_Assignment:_
Repeat the records exactly, with one exception: no images.

_Provided material:_
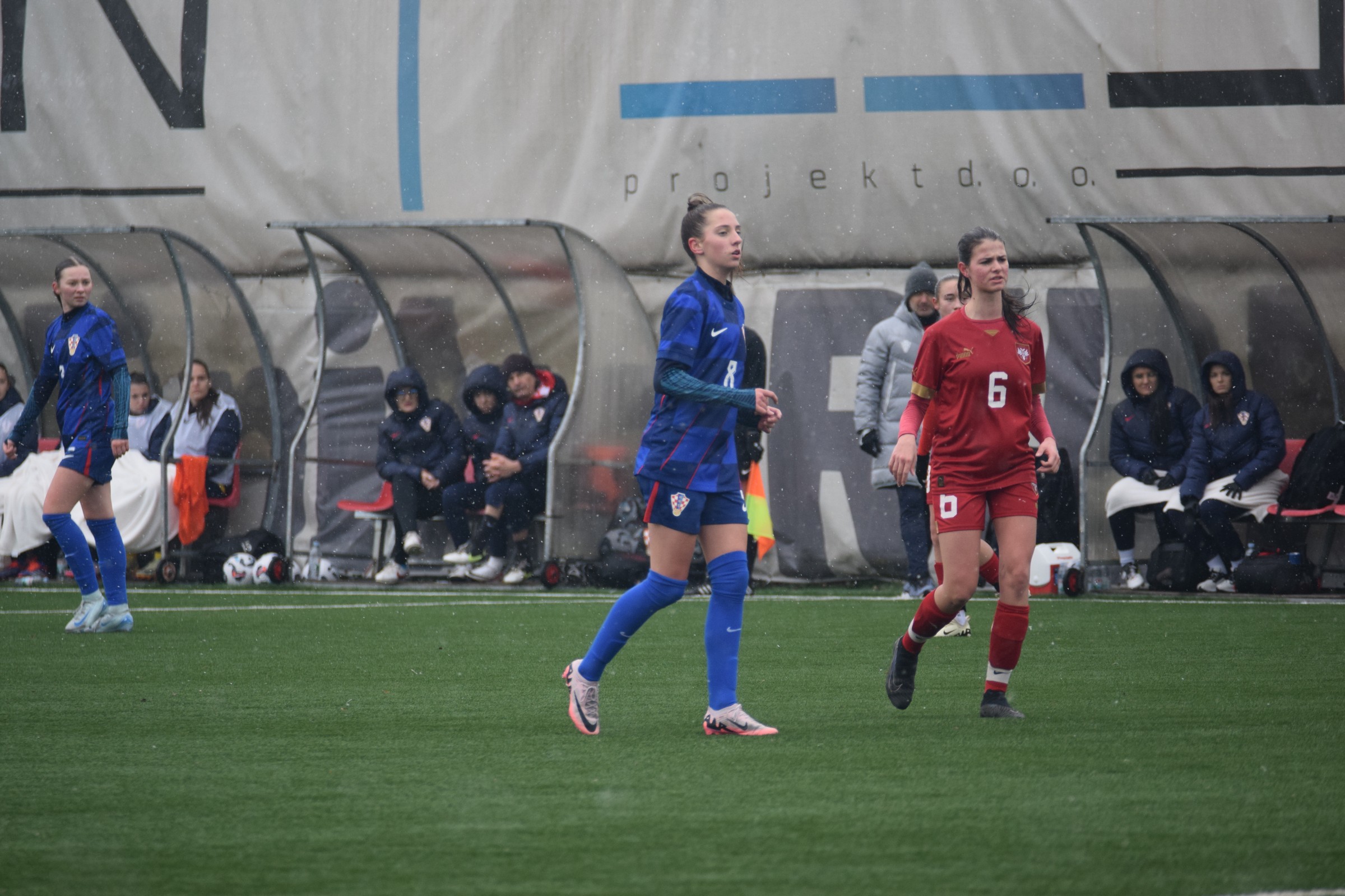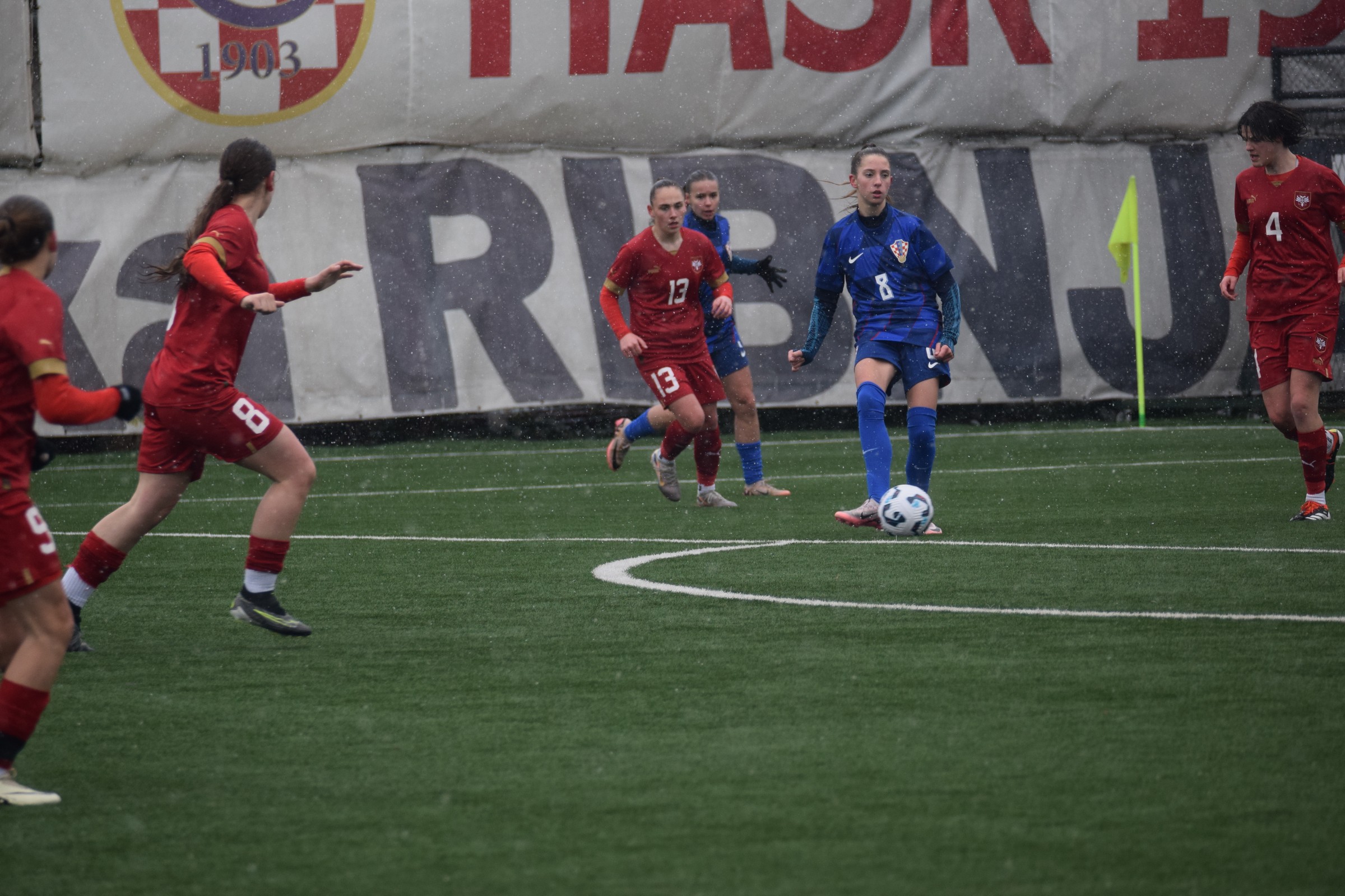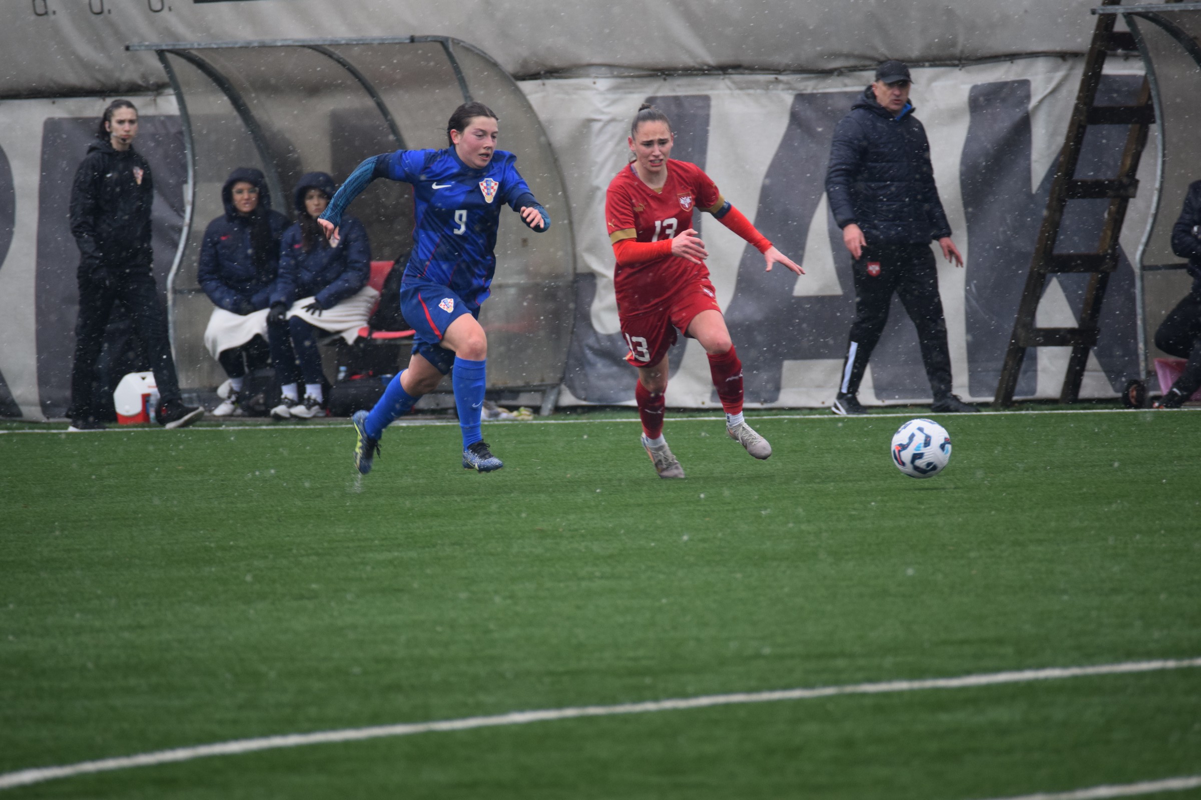 U vrlo teškim vremenskim uvjetima, na temperaturi malo iznad nule i sa snijegom koji je padao cijelo prvo poluvrijeme, Hrvatice su puno bolje ušle u utakmicu i tijekom cijelog prvog poluvremena bile bolja ekipa na terenu. Izostanci Petre Bandule i Luane Vanjak u sredini, te Lane Popić i Laure Perković na lijevom boku su prisilili izbornika Miletića na rošade u momčadi i odustajanje od uobičajene 3 – 5 – 2 formacije, te prelazak na nešto klasičnijih 4 – 3 – 3, i s Antonelom Grgić, Marijom Došen i Magdom Vrtarić u vrhu napada, koje su svojim konstantnim pritiskom na zadnju liniju obrane stvarale velike probleme srpskoj momčadi, i vrlo čvrstom kontrolom sredine gdje su ordinirale Mia Pestić, Ivona Oto i Marta Pešut, igra hrvatske reprezentacije je izgledala dosta dobro.
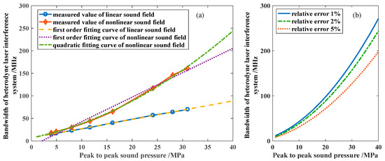 Electrical bandwidth of the heterodyne interference system versus the peak value of the measured sound pressure. (a) When the relative error of the sound pressure is less than 2%; (b) quadratic fitting curves with different relative error requirements under nonlinear sound field.
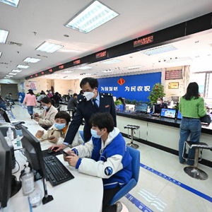2月13日,在福州市閩清縣辦稅服務(wù)大廳,工作人員向企業(yè)工作人員介紹稅惠政策。
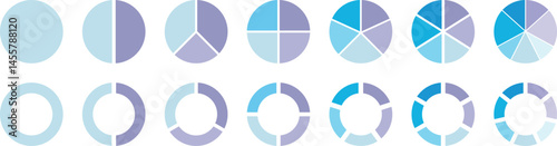 Circle graph infographic element. Infographic wheel segment or section parts. Circle division infographic icon set. Vector illustration
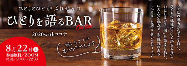 日本初のおひとりさまメディアと共に考える、「withコロナ時代」で『ひとり』はどう変わる?! 8月22日(土)20時〜 「ひとりを語るバー」オンライン 2020 withコロナ【参加無料】
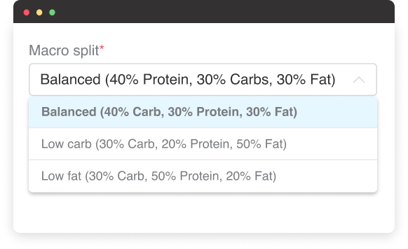 This way you can ease a client into something like low carb, low fat, or even teach them what a balanced meal plan looks like. Give them a snapshot (you can choose from the number of meals per day and how many sample days you want) and for some it might just be enough to start there. Getting ideas on what a low carb meal looks like is a good way to get clients comfortable with the idea of eating less carbs on some days and more on others. You can also teach them not to demonize carbs, especially depending on their body and goals.
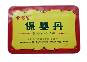 记者对比发现,在药店销售的保婴丹与记者在母婴店看到的保婴丹外包装一样。红黄色的铁盒子上印的全是繁体字。在盒子上方的左下角印着“中成药注册编号:HKP-01356”字样,而在盒子的底部印着“保婴丹(香港版)”字样。
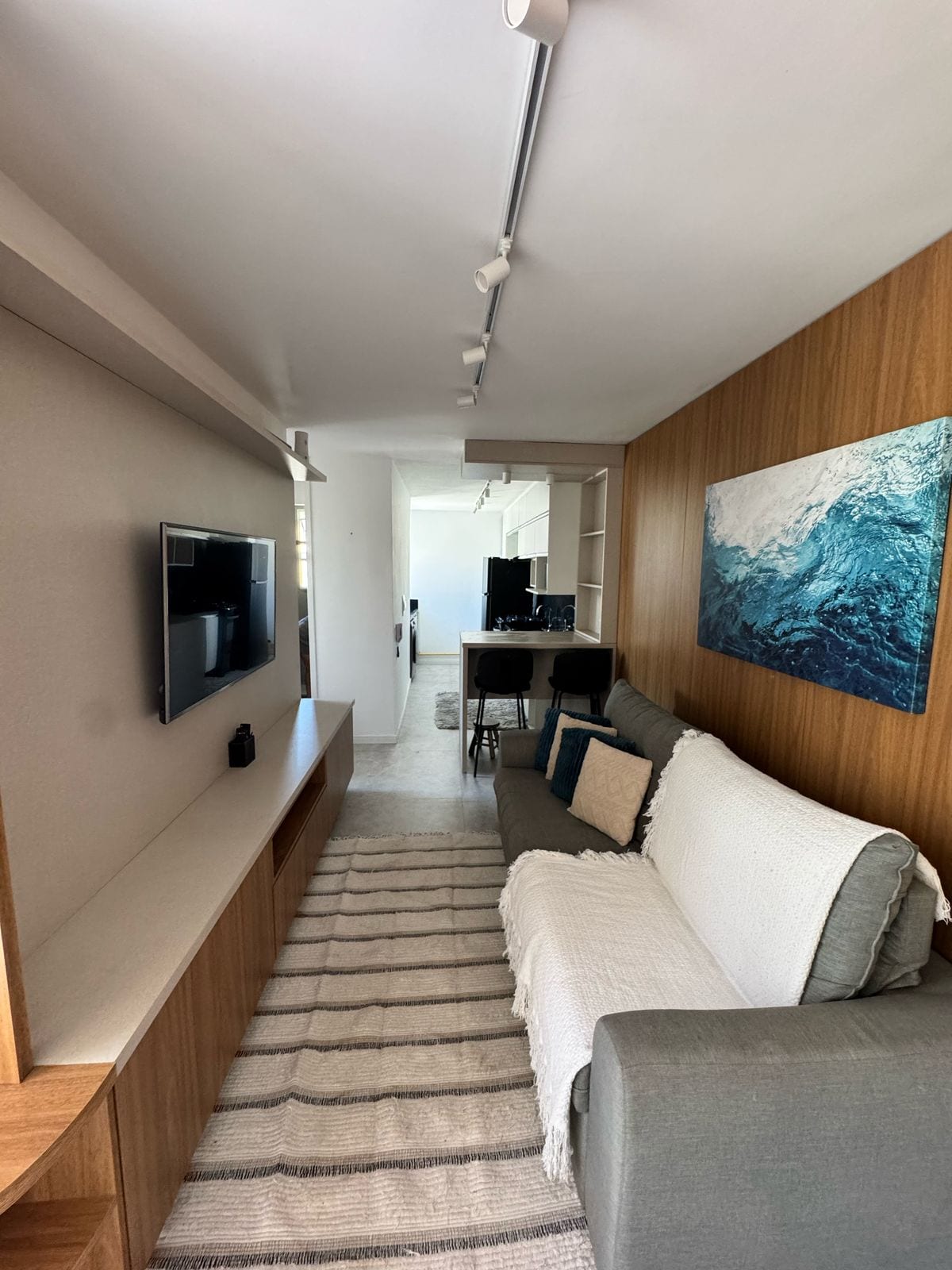 Apartamento estilo flat super aconchegante e lindo , com decoração moderna e clean perfeito para quem deseja desfrutar do seu momento de trabalho ou lazer com conforto, segurança, limpeza e boa localização . O sol é da manhã, vista livre para verde, andar alto, ambiente refrigerado. O apartamento tipo flat, encontra-se dentro de condomínio fechado com segurança, área de lazer com piscina, sala fitness, sauna e loja de conveniência para compras rápidas. Espaço acomoda bem duas pessoas
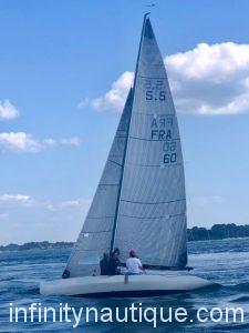 Superbe voilier 5,5m JI de 1995, architecte Philippe Durr et Sébastien Schmitt. Le bateau est plusieurs fois champion du monde sous le nom « Chlika Chlika ».

_Solution for this exercise:_
 U vrlo teškim vremenskim uvjetima, na temperaturi malo iznad nule i sa snijegom koji je padao cijelo prvo poluvrijeme, Hrvatice su puno bolje ušle u utakmicu i tijekom cijelog prvog poluvremena bile bolja ekipa na terenu. Izostanci Petre Bandule i Luane Vanjak u sredini, te Lane Popić i Laure Perković na lijevom boku su prisilili izbornika Miletića na rošade u momčadi i odustajanje od uobičajene 3 – 5 – 2 formacije, te prelazak na nešto klasičnijih 4 – 3 – 3, i s Antonelom Grgić, Marijom Došen i Magdom Vrtarić u vrhu napada, koje su svojim konstantnim pritiskom na zadnju liniju obrane stvarale velike probleme srpskoj momčadi, i vrlo čvrstom kontrolom sredine gdje su ordinirale Mia Pestić, Ivona Oto i Marta Pešut, igra hrvatske reprezentacije je izgledala dosta dobro.
 Electrical bandwidth of the heterodyne interference system versus the peak value of the measured sound pressure. (a) When the relative error of the sound pressure is less than 2%; (b) quadratic fitting curves with different relative error requirements under nonlinear sound field.
2月13日,在福州市閩清縣辦稅服務(wù)大廳,工作人員向企業(yè)工作人員介紹稅惠政策。
 Circle graph infographic element. Infographic wheel segment or section parts. Circle division infographic icon set. Vector illustration
 日本初のおひとりさまメディアと共に考える、「withコロナ時代」で『ひとり』はどう変わる?! 8月22日(土)20時〜 「ひとりを語るバー」オンライン 2020 withコロナ【参加無料】
 This way you can ease a client into something like low carb, low fat, or even teach them what a balanced meal plan looks like. Give them a snapshot (you can choose from the number of meals per day and how many sample days you want) and for some it might just be enough to start there. Getting ideas on what a low carb meal looks like is a good way to get clients comfortable with the idea of eating less carbs on some days and more on others. You can also teach them not to demonize carbs, especially depending on their body and goals.
 记者对比发现,在药店销售的保婴丹与记者在母婴店看到的保婴丹外包装一样。红黄色的铁盒子上印的全是繁体字。在盒子上方的左下角印着“中成药注册编号:HKP-01356”字样,而在盒子的底部印着“保婴丹(香港版)”字样。
 Apartamento estilo flat super aconchegante e lindo , com decoração moderna e clean perfeito para quem deseja desfrutar do seu momento de trabalho ou lazer com conforto, segurança, limpeza e boa localização . O sol é da manhã, vista livre para verde, andar alto, ambiente refrigerado. O apartamento tipo flat, encontra-se dentro de condomínio fechado com segurança, área de lazer com piscina, sala fitness, sauna e loja de conveniência para compras rápidas. Espaço acomoda bem duas pessoas
 Superbe voilier 5,5m JI de 1995, architecte Philippe Durr et Sébastien Schmitt. Le bateau est plusieurs fois champion du monde sous le nom « Chlika Chlika ».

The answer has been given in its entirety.